Bien sûr je suis obligé de consacrer un paragraphe à l'interprétation, et en particulier à celle de David Thewlis, tout simplement exceptionnelle. Pour faire simple, c'est une des plus fortes prestations d'acteurs qu'il m'ait été donné de voir au cinéma. Un charisme fou, une gueule incroyable, une capacité à enchaîner les mots impressionnante et une présence fantastique à l'écran.
Le reste du casting n'est pas en reste, mais Thewlis (et son accent magnifique) est clairement au dessus du lot.
Le cinéma de Mike Leigh se rapproche ici du cinéma de Ken Loach, en ce sens où il donne la parole à ceux qui ne l'ont habituellement pas. Qui se soucie du paumé de service, qui n'a ni travail, ni famille, ni point d'ancrage quelconque ? Et le rendre aussi cultivé, le fait apparaître proche de nous. comme si tous ce qu'il disait s'adressait à nous ; il est la voix de Mike Leigh, celui qui est chargé de transmettre le message du film.
Et justement, que nous raconte-t-il donc ?
Tout un tas de choses, des réfléxions qui, en règle général, ne sortent pas comme ça dans une conversation normale. C'est comme s'il était constamment sous drogue, une drogue qui le consume, mais qui le fait avancer, la vie elle-même. Et, en ce sens, la scène finale prend toute sa signification. La vie continue, quoi qu'il arrive. Même si les choses s'améliore, la vie continue. Et cette vie, Johnny l'a choisie. Ce sera celle faite de rencontres, que ce soit le jeune junkie qui cherche une femme en criant son prénom, où un gardien de nuit d'un grand immeuble, ou comme l'appelle Johnny, "a post modern gas chamber"

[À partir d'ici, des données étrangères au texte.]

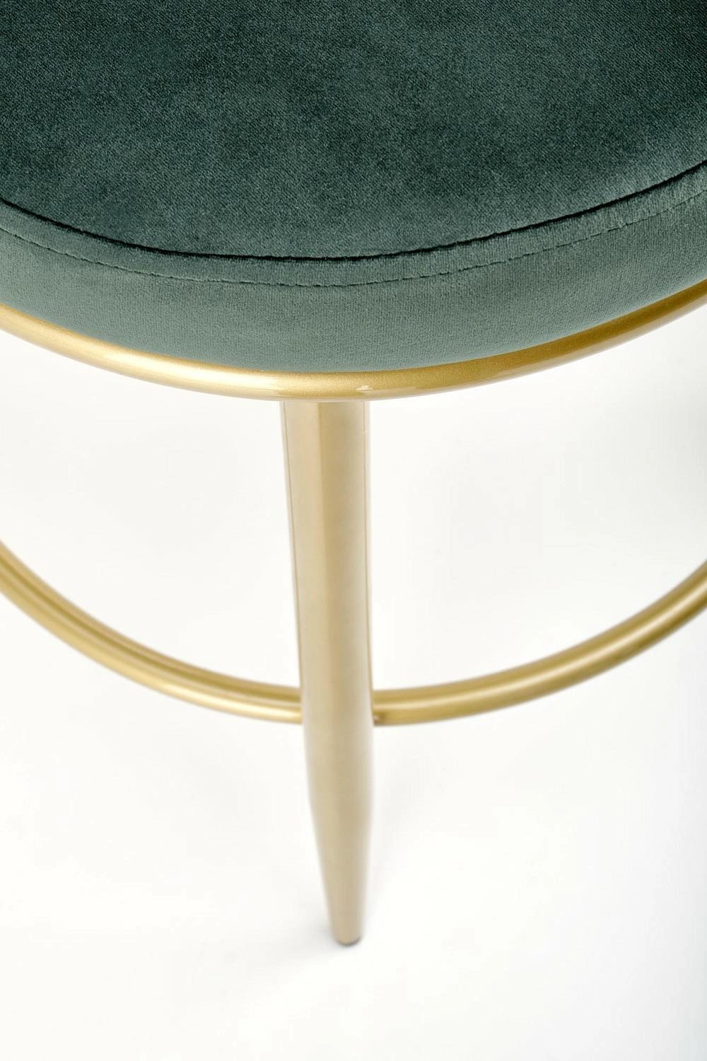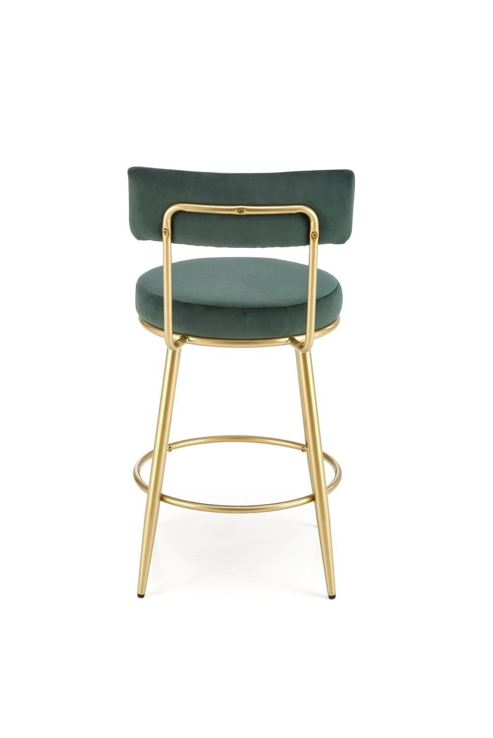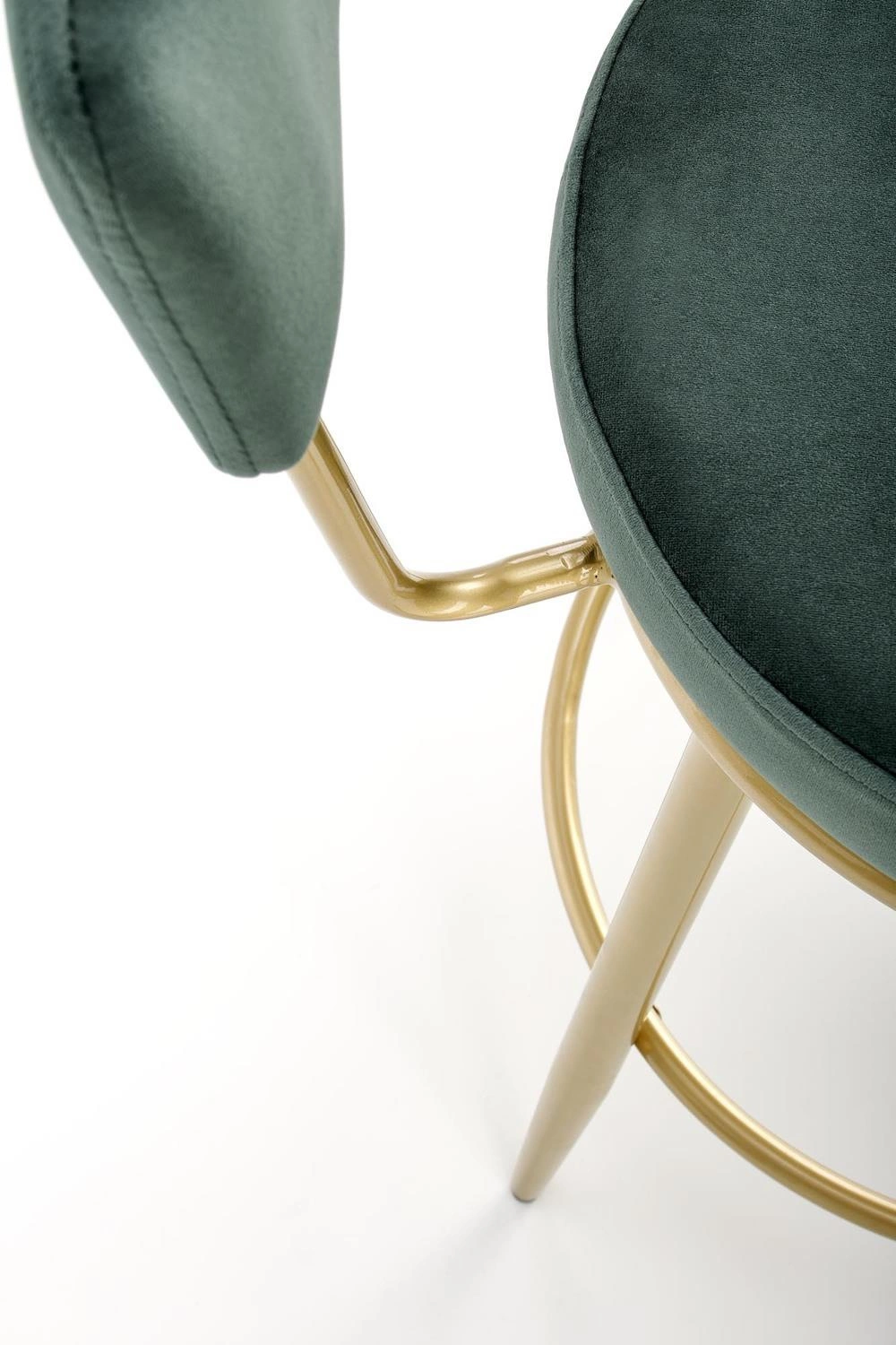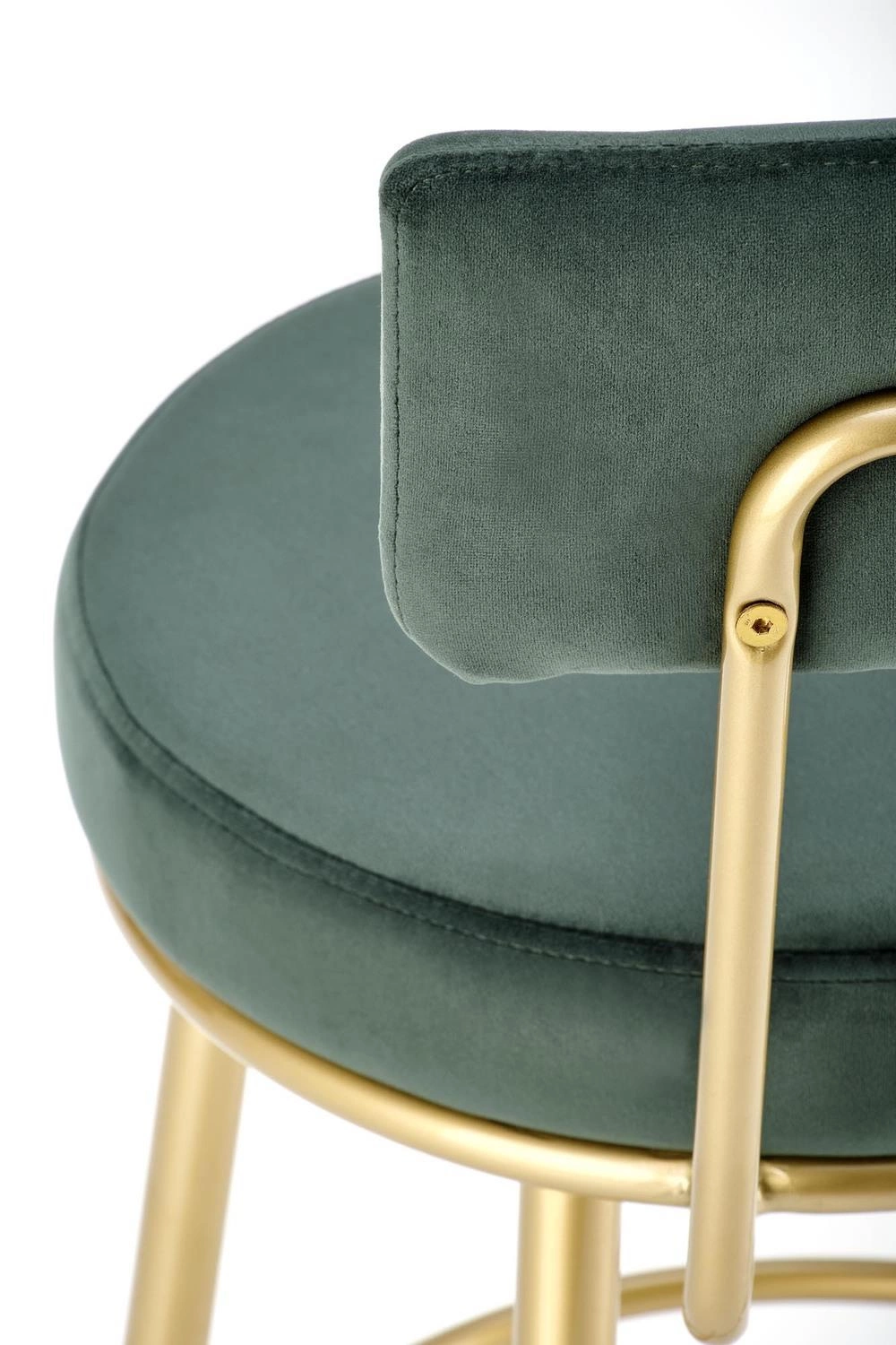 Hoker Pamela zielony/ złoty Hoker Pamela to połączenie nowoczesności z nutką glamour, które z pewnością doda elegancji i luksusowego charakteru do Twojej jadalni lub eleganckiej restauracji. Oferuje nie tylko wyjątkowy design, ale także doskonały komfort. Stylowy hoker Pamela z pewnością przyciągnie uwagę wszystkich gości. Zaprojektowany z dbałością o szczegóły, hoker Pamela został wyposażony w siedzisko o okrągłym kształcie, które zostało pokryte miękką, aksamitną tkaniną. Velvet to materiał, który dodaje meblom wyjątkowej elegancji i zachwyca swoją miękkością, zapewniając jednocześnie wygodę podczas długich spotkań przy wyspie kuchennej lub kolacji w ekskluzywnej restauracji. Natomiast podstawa hokera wykonana jest z wytrzymałej stali, która została starannie pomalowana proszkowo na efektowny złoty kolor. Ta wyrazista kontrastująca kombinacja kolorów nadaje hokerowi niepowtarzalnego charakteru i przyciąga wzrok, stanowiąc jednocześnie solidne i stabilne podparcie. Wygoda użytkowania to priorytetowe założenie tego modelu. Cztery solidne nogi zabezpieczone nakładkami zapewniają stabilność i chronią podłogę przed zarysowaniami, a podpórka na nogi dodatkowo podnosi komfort użytkowania. Wyprofilowane oparcie zapewnia odpowiednie wsparcie dla pleców, umożliwiając miłe spędzenie czasu w towarzystwie. Co warto wiedzieć przed zakupem Hoker Pamela łączy nowoczesność z glamour, dzięki czemu doskonale wpasuje się w elegancką jadalnię lub restaurację. Aksamitna tkanina nadaje meblowi wyjątkową elegancję i wygodę. Złota stalowa podstawa dodaje hokerowi niepowtarzalnego charakteru i stabilności. Oparcie oraz podpora na nogi zapewniają dodatkowy komfort podczas użytkowania. Solidne wykonanie i zabezpieczenia na nóżkach świadczą o dbałości o detale i funkcjonalność mebla.

Car le message que transmet cette sorte de gourou est d'un pessimisme fort, ramenant souvent sa conversation à la bible et aux passages sur l'apocalypse. Il en est tellement convainquant, par moment qu'on finirait par croire que la fin du monde a bien eu lieu en 1999. Une fin du monde au service de l'évolution humaine, inéluctable, elle marquerait la venue d'une nouvelle race, pour remplacer l'être humain. Une idée donc, non pas de fin du monde, mais d'extinction de l'humanité, idée qui se voit à travers les différents paysages, sales, glauques et très sombres, que nous peint Mike Leigh. Mais cette idée se transmet également à travers le personnage de psychopathe de Jeremy Smart/Sebastian Hawk. Il a décidé de mourir à 40 ans, pour ne pas vieillir, il refuse l'évolution et préfère donc l'extinction.
Naked est un film sombre, dans tous les sens du terme. Tant dans la forme que sur le fond, il ne laisse pas indifférent et peut choquer par plusieurs scènes. Mike Leigh ne refuse rien, et surtout pas les scènes de viols, qui sont filmées d'une façon très crue, et très violente.
Mais ce que je retiens, c'est l'image d'un film profondément marquant, un peu long, certes, mais soulevant tellement de questions, qu'il en est forcément intéressant.
La vie est mystérieuse. Je viens d'en voir le côté obscur.